Голубой цвет такой нежный, будто его смешали с утренним небом и легким ветерком. Здесь можно дышать. Можно мечтать.

Нет искусственного интеллекта в каждом уголке, есть только твой внутренний друг, с которым можно часами вести диалог.

Она подошла к кровати.

Шёлковое покрывало разлилось вокруг неё волнами.

Лёгкость, нега, совершенство. Французы точно знают толк в удовольствиях.

Она провела пальцами по балдахину, прозрачному, как утренний туман.

Ах, я могла бы остаться здесь навсегда…

Не хватает только пары десятков новых шляпок с бантами, заколками и разноцветными перьями.

Но что-то ещё привлекло её внимание.

Прикроватный столик, небольшой, можно даже сказать крохотный.

На нём – маленькая фарфоровая вазочка с незабудками.

Салли улыбнулась.

Ну, это уже издевательство. Как будто кто-то специально решил довести меня до восторга.

Она наклонилась, вдохнув тонкий аромат цветов, скользнув пальцами по фарфору.

«Что ж, теперь мне остаётся всё это великолепие описать в своей книге, передать так живо, как сейчас вижу перед собой… Вот где неразрешимая задача.»

Она улыбнулась сама себе в зеркало, проводя рукой по его поверхности.

Восхищённая писательница вздохнула, огляделась ещё раз и, наконец, опустилась на кровать.

Она утонула в мягкости постели и рассмеялась.

«Невероятно. Просто невероятно.

Если бы год назад кто-нибудь сказал мне, что это приключится со мной, я бы не только не поверила этому человеку, а перестала бы напрочь с ним разговаривать.

Жуть как не люблю врунов и сказочников.

Но вот оно. Вот я здесь.

И если это – не сказка, то что тогда?

В дверь тихо постучали – неожиданно, как будто вовсе не кстати.

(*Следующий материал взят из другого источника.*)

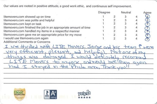 I was thrilled with LiteMovers Jorge and his team were very efficient pleasant and helpful Not one of my things were damaged I would definitely recommend LiteMovers to anyone and would hire them again had I stayed in the Philadelphia area Thank you

– Заходите, – сказала она быстро, отрывисто, словно совсем не настроенная на разговор.

Секунда тишины. Затем дверь медленно скользнула в сторону, пропуская Гилберта.

Он стоял в проёме, нерешительно, словно боролся сам с собой.

– Прости, Салли. Я не хотел тебя беспокоить… но не могу с этими мыслями уснуть. Внутри поселилась какая-то боль и как будто мне не справиться.

Лёгкий свет, почти призрачный, застревал в его волосах – чёрных, почти до плеч, создавая тонкие серебряные блики.

Ресницы – длинные, тени от них ложились на бледное лицо, придавая ему оттенок чего-то неуловимо трагичного.

Пронзительные глаза, в которых отражалась не только ночь, но и тревога, которую он не мог скрыть.

Его лицо казалось аристократически правильным, красивым, но чуть угловатым, будто мир не успел сгладить его резкие линии, как будто он был создан не для спокойствия, а для борьбы.

И вот он стоял здесь.

В комнате, где всё напоминало сон из прошлого, но где они говорили о будущем.

Гилберт шагнул внутрь, но не сразу заговорил. Он всё ещё боролся с тем, с кем спорил внутри своей головы.

«Господи, какой же я болван.

Почему я сейчас стою перед ней? Почему я здесь? И почему я не могу справиться с этими мыслями, которые пожирают меня изнутри?